● **What you have to do**
In the entries that follow, repeat exactly the lines from the one that has "Rhythm: My natural" through the one that has "Step 8:选择线条然后执行 效果", but omit pictures.

● **Task material**
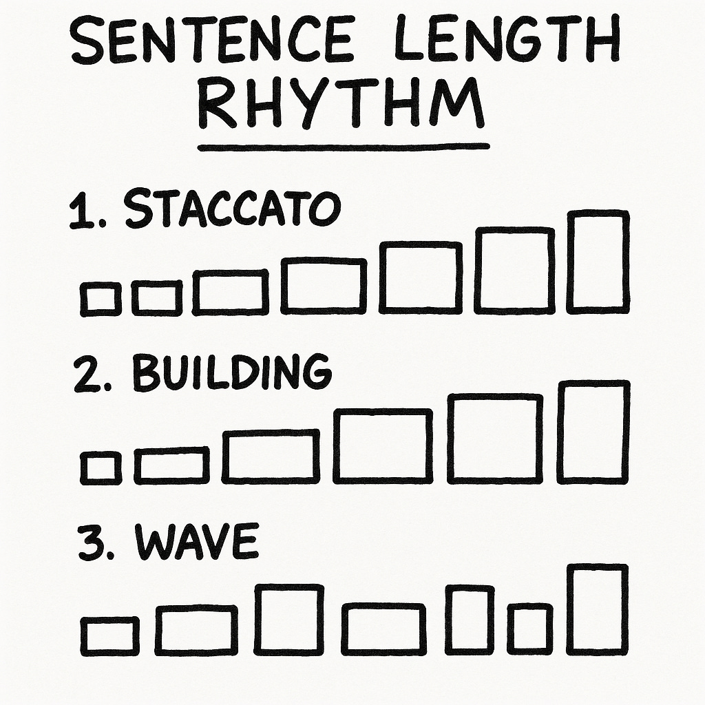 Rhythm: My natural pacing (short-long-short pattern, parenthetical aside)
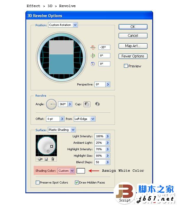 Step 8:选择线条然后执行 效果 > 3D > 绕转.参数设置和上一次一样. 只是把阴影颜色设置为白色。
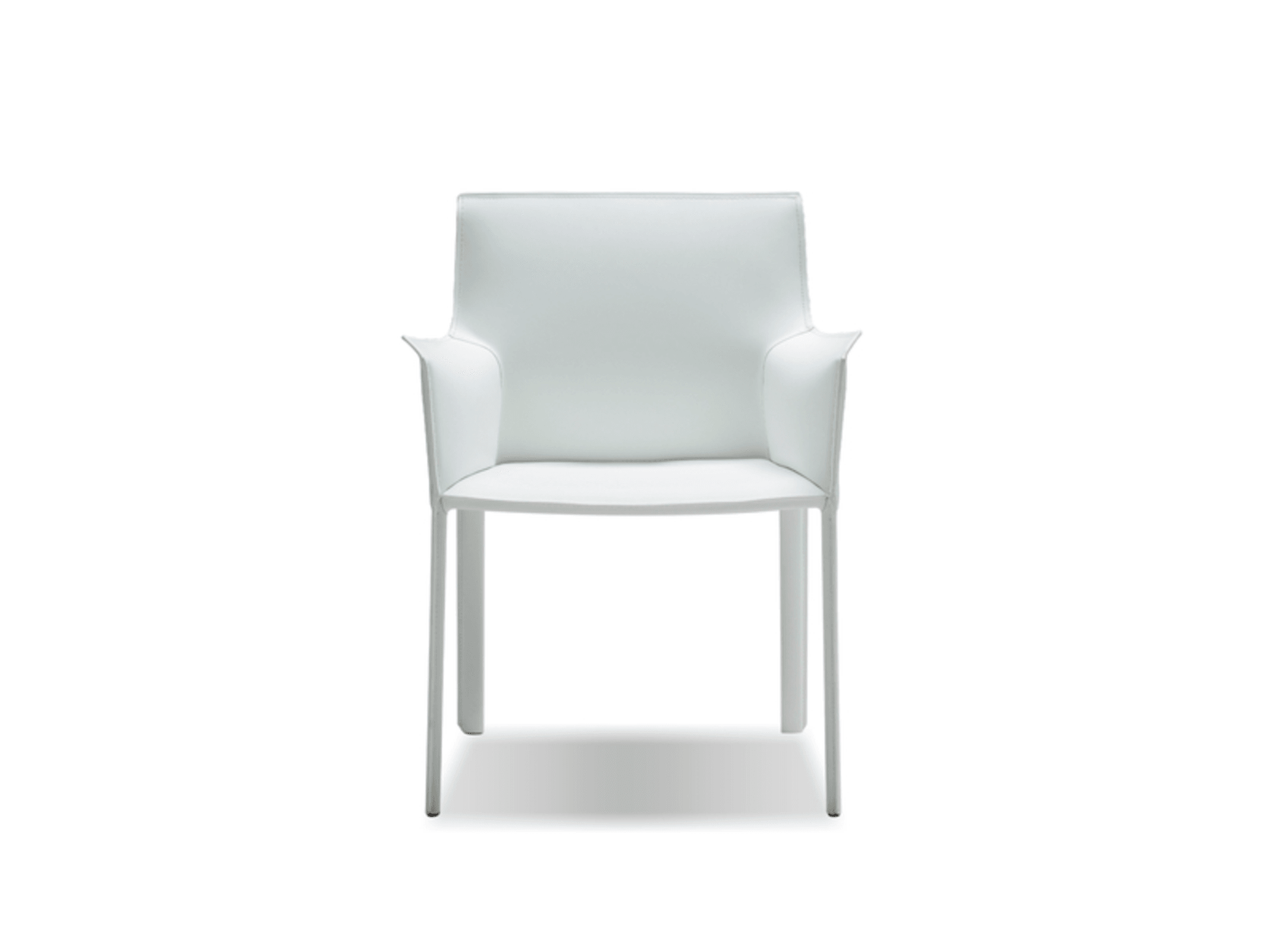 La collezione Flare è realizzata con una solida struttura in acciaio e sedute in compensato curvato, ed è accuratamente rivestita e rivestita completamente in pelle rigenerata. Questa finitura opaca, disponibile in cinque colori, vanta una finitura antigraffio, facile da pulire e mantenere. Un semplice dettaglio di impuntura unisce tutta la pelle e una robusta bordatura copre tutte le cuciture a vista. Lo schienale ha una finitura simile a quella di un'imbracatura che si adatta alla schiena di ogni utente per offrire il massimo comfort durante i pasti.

==

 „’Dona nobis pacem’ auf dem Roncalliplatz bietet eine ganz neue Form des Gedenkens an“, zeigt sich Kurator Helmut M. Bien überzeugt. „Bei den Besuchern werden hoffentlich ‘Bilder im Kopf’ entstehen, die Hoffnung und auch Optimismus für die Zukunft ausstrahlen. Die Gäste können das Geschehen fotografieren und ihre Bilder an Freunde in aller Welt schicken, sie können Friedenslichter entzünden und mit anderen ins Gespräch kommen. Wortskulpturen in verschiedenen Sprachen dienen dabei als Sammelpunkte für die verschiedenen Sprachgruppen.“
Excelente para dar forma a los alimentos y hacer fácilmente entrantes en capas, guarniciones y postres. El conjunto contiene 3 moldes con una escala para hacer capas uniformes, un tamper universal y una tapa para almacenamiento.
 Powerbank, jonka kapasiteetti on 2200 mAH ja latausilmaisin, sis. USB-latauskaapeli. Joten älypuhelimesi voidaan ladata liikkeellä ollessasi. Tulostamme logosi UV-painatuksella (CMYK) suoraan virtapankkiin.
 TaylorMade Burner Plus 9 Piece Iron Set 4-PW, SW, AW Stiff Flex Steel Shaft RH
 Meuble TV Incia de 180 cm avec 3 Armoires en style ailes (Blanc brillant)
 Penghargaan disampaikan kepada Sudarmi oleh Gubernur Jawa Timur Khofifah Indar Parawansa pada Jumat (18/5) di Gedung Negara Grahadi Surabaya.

==

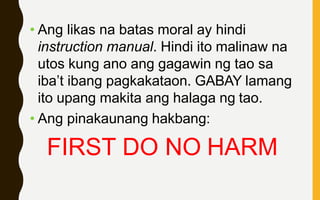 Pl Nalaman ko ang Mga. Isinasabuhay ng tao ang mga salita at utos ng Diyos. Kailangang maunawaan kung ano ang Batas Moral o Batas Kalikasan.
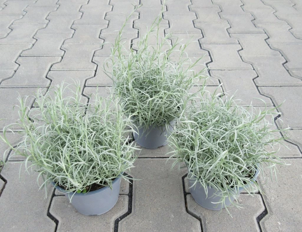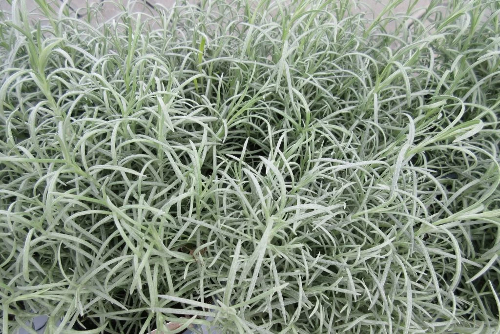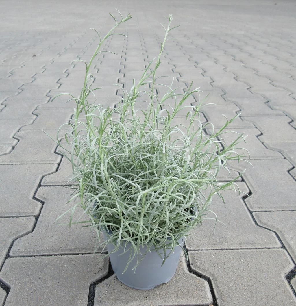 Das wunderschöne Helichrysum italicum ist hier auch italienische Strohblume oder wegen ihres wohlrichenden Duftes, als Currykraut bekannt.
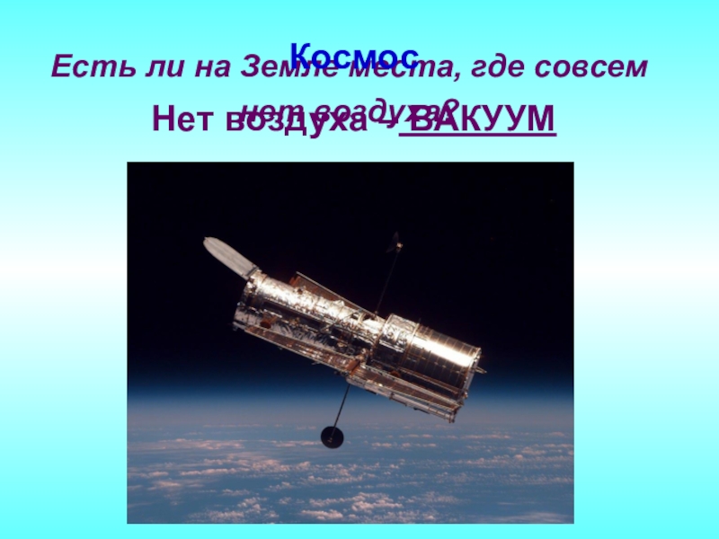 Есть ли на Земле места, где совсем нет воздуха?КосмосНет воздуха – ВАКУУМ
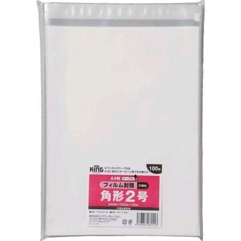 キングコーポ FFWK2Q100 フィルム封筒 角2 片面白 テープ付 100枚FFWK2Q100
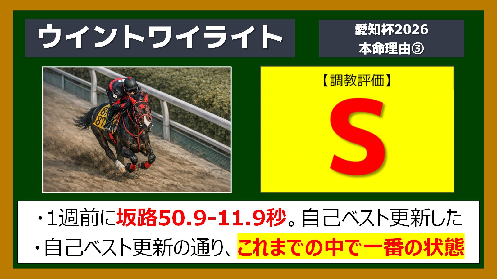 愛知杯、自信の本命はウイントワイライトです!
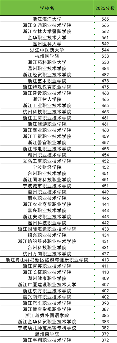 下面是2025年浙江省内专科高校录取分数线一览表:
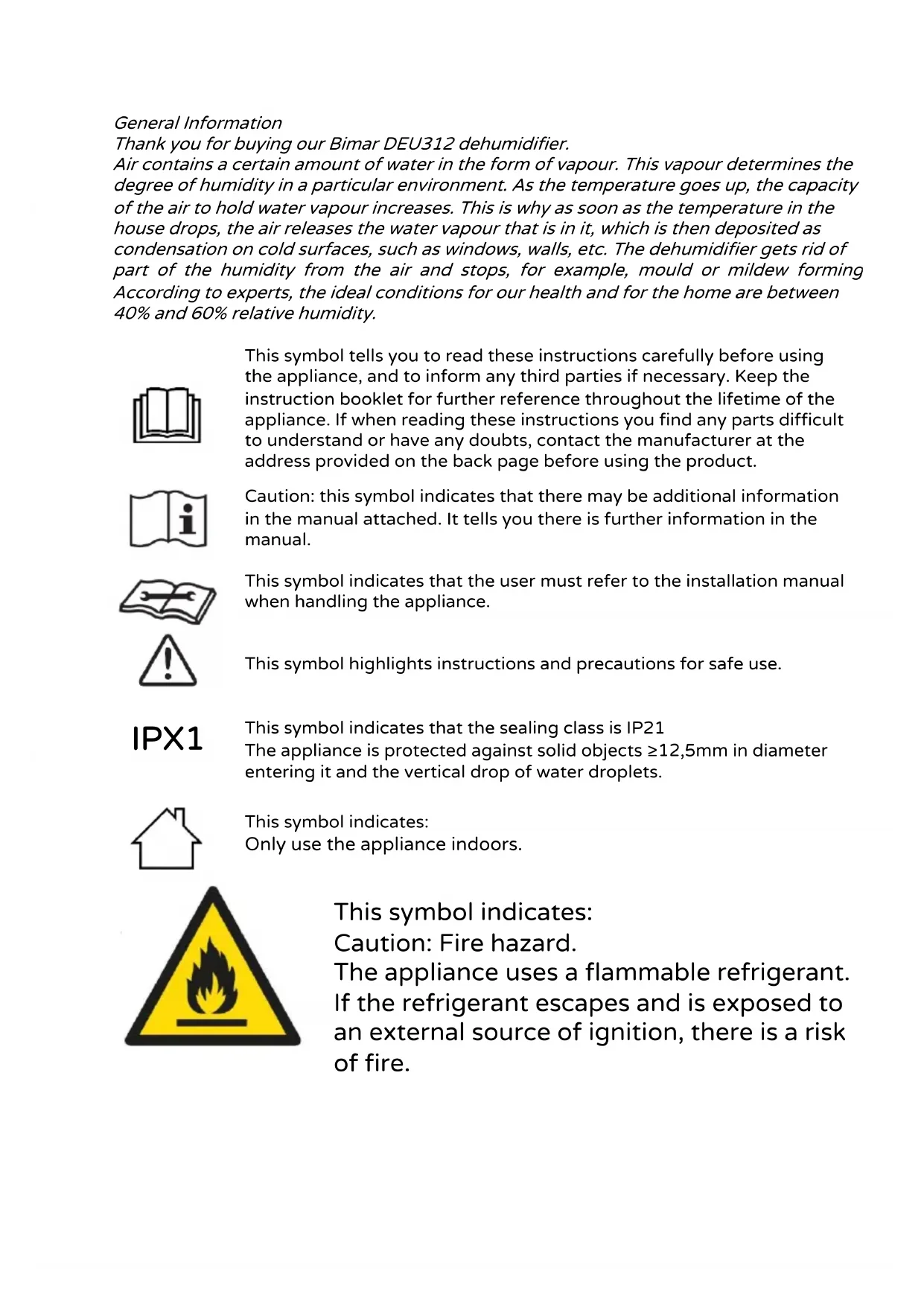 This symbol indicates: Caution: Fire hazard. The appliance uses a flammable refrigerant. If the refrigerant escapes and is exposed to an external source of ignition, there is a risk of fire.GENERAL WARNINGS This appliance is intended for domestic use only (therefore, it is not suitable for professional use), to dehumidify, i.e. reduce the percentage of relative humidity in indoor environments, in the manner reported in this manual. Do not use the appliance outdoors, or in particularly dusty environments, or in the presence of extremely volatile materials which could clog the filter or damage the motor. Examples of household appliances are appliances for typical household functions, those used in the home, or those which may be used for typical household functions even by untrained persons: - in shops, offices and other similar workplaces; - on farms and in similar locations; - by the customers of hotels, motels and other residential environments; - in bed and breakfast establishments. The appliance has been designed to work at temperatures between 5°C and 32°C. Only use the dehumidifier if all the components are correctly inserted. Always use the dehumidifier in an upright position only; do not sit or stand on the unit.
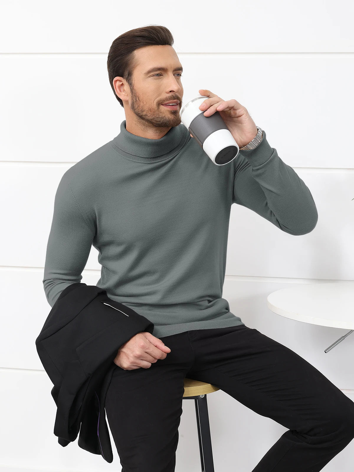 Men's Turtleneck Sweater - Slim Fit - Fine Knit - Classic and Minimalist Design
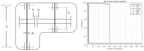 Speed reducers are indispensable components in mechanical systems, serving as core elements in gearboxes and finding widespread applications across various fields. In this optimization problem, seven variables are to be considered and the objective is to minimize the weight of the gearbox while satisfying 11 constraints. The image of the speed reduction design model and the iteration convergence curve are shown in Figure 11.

● **Exercise solution**
 Rhythm: My natural pacing (short-long-short pattern, parenthetical aside)
 Step 8:选择线条然后执行 效果 > 3D > 绕转.参数设置和上一次一样. 只是把阴影颜色设置为白色。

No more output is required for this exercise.